Pour devenir un pôle économique plus compétitif et globalement intégré, la Tunisie doit impérativement réussir sa transition vers un modèle économique à plus forte valeur ajoutée et plus inclusif, a indiqué, jeudi, la Ministre de l’Industrie, des Mines et de l’Energie, Fatma Thabet Chiboub, lors du séminaire régional, Organisé dans le cadre du projet Euromed, Clusters Forward, «Clusters et chaînes de valeur : Catalyseurs de l’innovation et de la transformation industrielle ».
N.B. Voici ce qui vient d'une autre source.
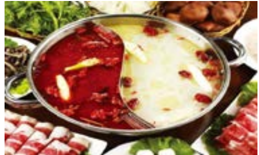
대표적인 휘귀 모습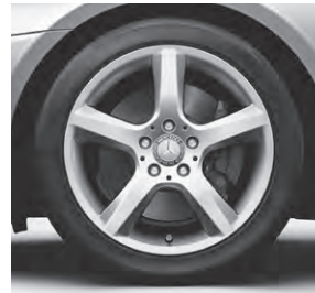
43,2 cm (17") Leichtmetallrad im 5-Speichen-Design (37R)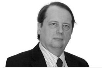
Gáncs Péter püspök Déli Egyházkerület

S a legvégén kaptuk az igazi meglepetést, azt a szípkorkázoan szellemes áldásbokrétát, amelyet lapunk legutóbbi számának címlapján olvashattunk. Ennek a tarka nyári csokornak egy hervadhatatlan sálával, mely íráson címéhez is kapcsolható, kívánok még szép nyári heteket, jó utat az árnyékvilágból a napvilágra: „Adjon Isten mindannyiunknak egy szál napraforgóvirágot, hogy élünk minden órájában keressük a világ világgosságát, Jézus Krisztust, felé forduljunk, őt szeressük, rajta tájékozódjunk, és őt kövessük.”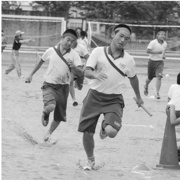
(画像は、最後の色別責任リレーの様子です。水しぶきからトラックの状態がお分かりかと思ます。)

9月16日(日)に実施しました。台風の影響もあり、朝からグズついたお天気で、今成の運動場には水溜りが沢山ありました。開催するかどうか、悩みましたが、雨中での体育祭、生徒にとって大変思い出の多い、行事となりました。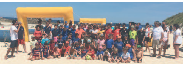
Tournée des plages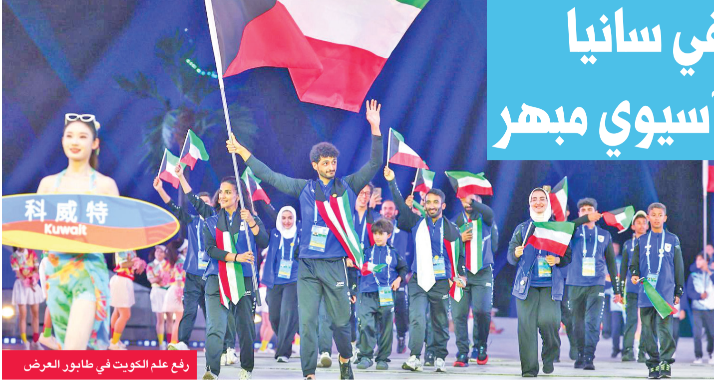
رفع علم الكويت في طابور العرض

مشاركتي بالبطولة لحظة تاريخية ستظل محفورة بذاكرتي كحافز للمزيد من الإنجاز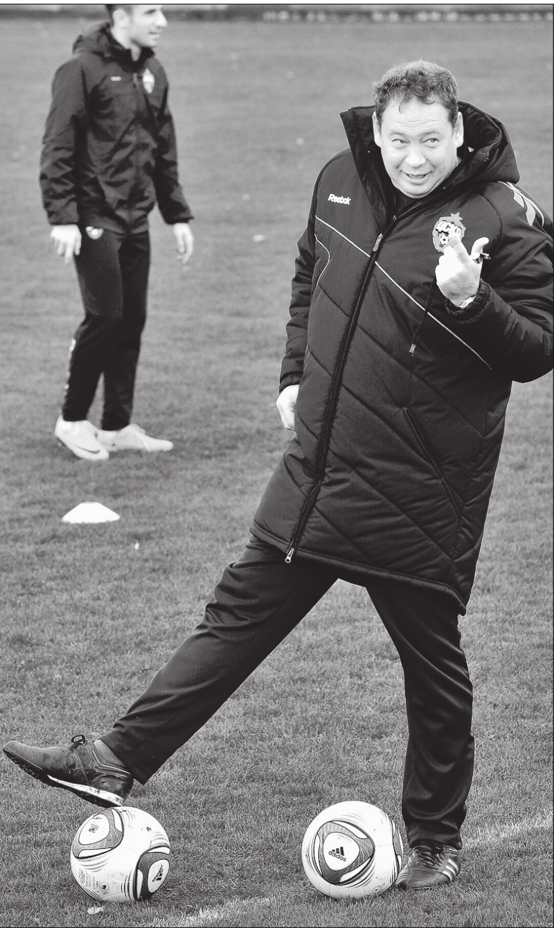
Четверг. Ватутинки. Тренировка ЦСКА. Леонид СЛУЦКИЙ.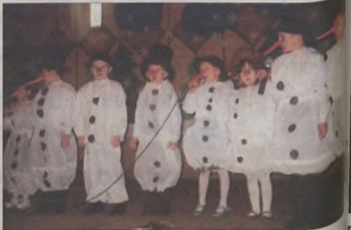
Na scenie wystąpiła grupa śpiewających balwanków.

szkoły Komitet Rodzicielski ufundował posiłek oraz paczki ze słodyczkami. Do późnego wieczora dzieciaki bawiły się przy muzyce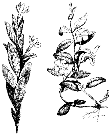
Барвинок прямой (справа) и малый

Две столовые ложки сбора трав с вечера положить в термос и залить двумя стаканами кипятка. Утром процедить, принимать по 100 г 4 раза в день.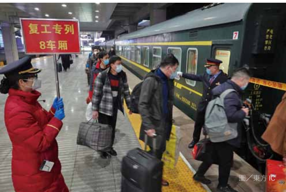
2月29日，民眾在山東煙台火車站，準備乘坐復工專列返回工作崗位。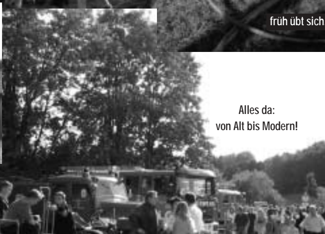
Alles da: von Alt bis Modern!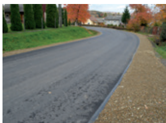
Inwestycje drogowe w powiecie – strona 7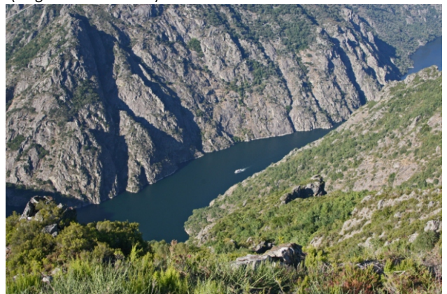
Canón do Sil desde o mirador das Gándaras (Parada do Sil).

Unha viaxe por un dos espazos naturais máis emblemáticos do país, nunha área dun grande interese xeolóxico e paisaxístico, polas impresionantes formacións rochosas que se aprecian desde diferentes lugares, que nalgúns puntos acadan os 500 m de altura, con paredes case verticais; ecolóxico pola mestura de especies atlánticas e mediterráneas, a presenza de bosques autóctonos e de zonas remansadas creadas polos encoros onde se pode ver unha interesante avifauna; sen esquecer os valores histórico-artísticos e etnográficos. Todo este tramo do canón está protexido no LIC “Canón do Sil” e forma parte da área vitivinícola acollida á denominación de orixe protexida “Ribeira Sacra”.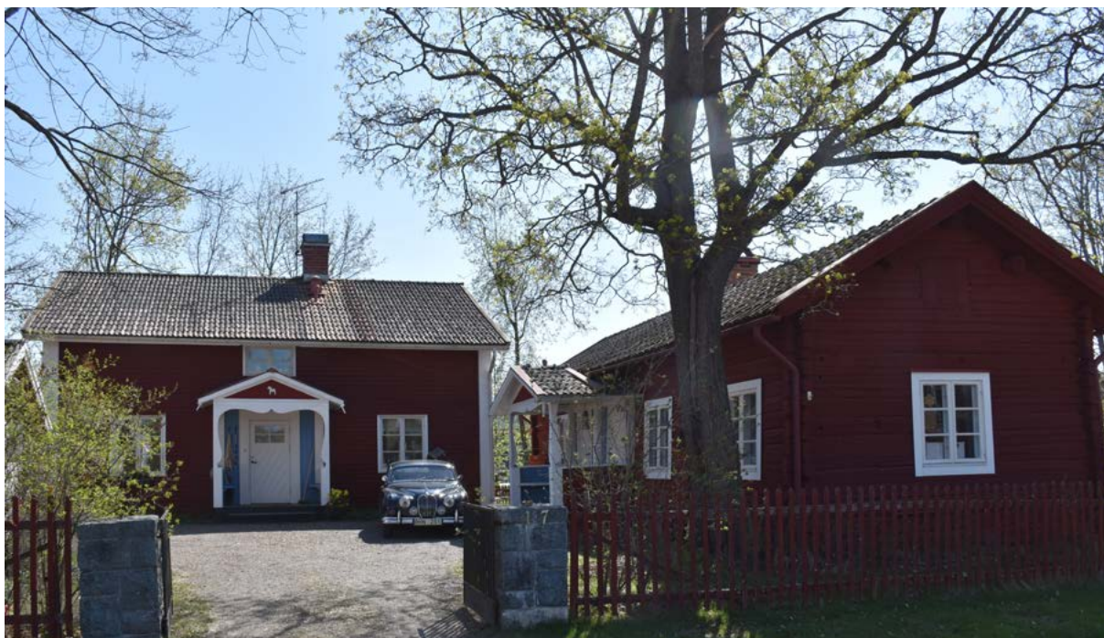
Figur 9: Kaplans-/klockargården ligger direkt sydost om kyrkan. Den utgörs av två äldre timrade bostadshus i vinkel kring ett öppet gårdstun. Runt tomten finns ett rödfärgat spjälstaket och höga lövträd. Byggnaderna genomgick omfattande renoveringar kring 1900-talets mitt.

Söder om kyrkan ligger en före detta folkskola, som uppfördes år 1919 enligt ritningar av arkitekt Edward Dahlbäck i Bro. Det har dock under lång tid funnits skola i anslutning till kyrkan, då utbildning länge varit en angelägenhet för socknen. I anslutning till skolan finns rester av en trädgård, med äldre fruktträd och annan växtlighet. Skolhuset består av flera sammanbyggda byggnadsvolymer, med två gavelställda flyglar i norr respektive söder och en rektangulär volym som mittparti [fig. 10]. Takformerna utgörs av valmade mansardtak med lätt utsvängda avslut nedåt mot takfoten. Fasad utgörs av rödfärgad locklistpanel, med markerade vita knutar, fönster- och dörrfoder. Fönstren har varierande storlek och indelning, där lektionssalarnas fönster är höga med stående proportioner och öppningsbara övre rutor. Ovanför entrédörrarna finns mindre överljusfönster. Fönstren är generellt sidohängda med fasta spröjsar. Skolgården är mestadels asfalterad, men med en viss del upp vuxen växtlighet. År 1977 flyttades tre manskapsbodas som tidigare tillhört stadsingenjörskontoret i Borlänge till fastigheten, för att användas som bland annat slöjdlokaler. De byggdes om med lärarrum, lektionssalar och församlingsal efter ritningar av Berndt Staffas arkitekt och byggkonsult AB år 1980.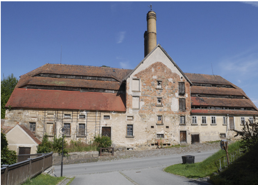
Ehemalige Brauerei und Mälzerei. Am Zwerchgiebel ist die Aufstockung der Darre aus dem Jahr 1940 noch gut am Putz zu erkennen.

Die Umbaumaßnahmen begannen im Juni 1940. Zwei Maurer und ein Arbeiter errichteten in sechs Wochen einen neuen Abluftkamin (Darrfax) sowie einen Heizungsschornstein. Dazu musste nach dem Abriss des baufälligen alten Darrfaxes der alte Zwerchgiebel deutlich über den First des Daches erhöht werden. Die Umbaumaßnahme ist auch heute nach über 85 Jahren noch deutlich am Mauerputz erkennbar.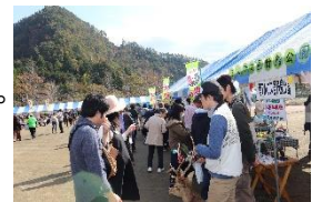
食まつり会場の様子

早川町内の特産品であるジビエ料理、そばなど旬の食べ物が一堂に会するイベントです。各種出店のほか、会場内ステージでは地元学生によるパフォーマンスもあります。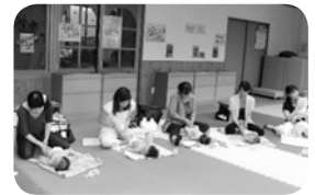
▲子育て支援センターの活動

Dans son allocution, prononcée en son nom par la Cheffe de Cabinet de son département, Chiboub a qualifié ce virage de ” stratégique”. « Nous ne pouvons plus fonder notre compétitivité sur les seuls avantages de faibles coûts, dans un marché mondial qui exige désormais agilité, complexité et haute technicité », a-t-elle dit.
Pour répondre à cette ambition, les divers Plans de développement quinquennaux tunisiens ont fait de l’amélioration de la compétitivité du secteur privé, par le développement des chaînes de valeur, l’un de ses piliers centraux, a encore rappelé la ministre, précisant que le Gouvernement a su traduire cette vision en une stratégie opérationnelle cohérente et ambitieuse.
La vision du Ministère de l’Industrie, des Mines et de l’Energie repose sur une conviction : le cluster est l’unité de base de la transformation industrielle, a fait savoir la ministre.
Selon Fatma Thabet Chiboub, Notre stratégie s’articule autour de trois axes directeurs; à savoir l’institutionnalisation des écosystèmes. Nous visons, a-t-elle dit, à faire évoluer les regroupements spontanés vers des structures de gouvernance pérennes, telles que les Groupements d’Intérêt Économique (GIE) dans l’objectif étant de sécuriser les partenariats public-privé et de donner aux clusters une voix unique pour porter leurs projets d’innovation.
Il s’agit, également ,de la montée en gamme technologique en faisant de l’innovation le cœur de la stratégie et ce par l’interfaçage renforcé entre nos 5000 ingénieurs diplômés chaque année et les besoins réels des entreprises.
Notre objectif est de faire de nos clusters des laboratoires de l’Industrie 4.0, a affirmé Chiboub.
En plus de l’inclusion territoriale, le développement industriel ne doit pas être concentré sur les zones côtières. Notre stratégie, a encore mis en relief la ministre, vise à irriguer les régions intérieures en créant des pôles de spécialisation régionale, optimisant ainsi l’utilisation des ressources locales. Pour pérenniser nos acquis, notre ambition s’inscrit dans une perspective de long terme qui dépasse la simple mise en réseau, a-t-elle noté.
Par ailleurs, la ministre de l’Industrie a rappelé que la Tunisie de 2035 repose sur des piliers fondamentaux pour ses clusters; à savoir l’excellence technologique et décarbonée.
Nous visons, a-t-elle dit, à transformer nos clusters en champions de la transition verte, où l’innovation ne se mesure plus seulement par la productivité, mais par l’efficience énergétique et la réduction de l’empreinte carbone. Il s’agit également d’une intégration profonde dans les chaînes de valeur mondiales.
D’ici 2035, nos clusters ne seront plus de simples sous-traitants, mais des partenaires de co-conception essentiels pour l’Europe et l’Afrique, misant sur la haute technicité et l’agilité, a souligné la ministre.
S’agissant de la souveraineté industrielle par le talent, la ministre a indiqué qu’en capitalisant sur nos 5 000 ingénieurs formés annuellement, nous projetons de faire de chaque région un pôle de spécialisation intelligente, garantissant un développement inclusif sur tout le territoire.
Cette vision 2035 est le prolongement naturel de notre engagement actuel : passer d’une économie de coûts à une économie de la connaissance et de l’innovation durable, a notamment ajouté la ministre.
Au Maghreb, les clusters émergent comme des moteurs importants de transformation économique, soutenant diversification industrielle, l’innovation et la compétitivité régionale.
La Tunisie, le Maroc et l’Algérie ont développé des clusters dans divers secteurs. Ces clusters renforcent non seulement les capacités de production locales, mais facilitent également l’échange de connaissances, l’adoption de technologies et l’intégration dans les chaines de valeur régionales et mondiales.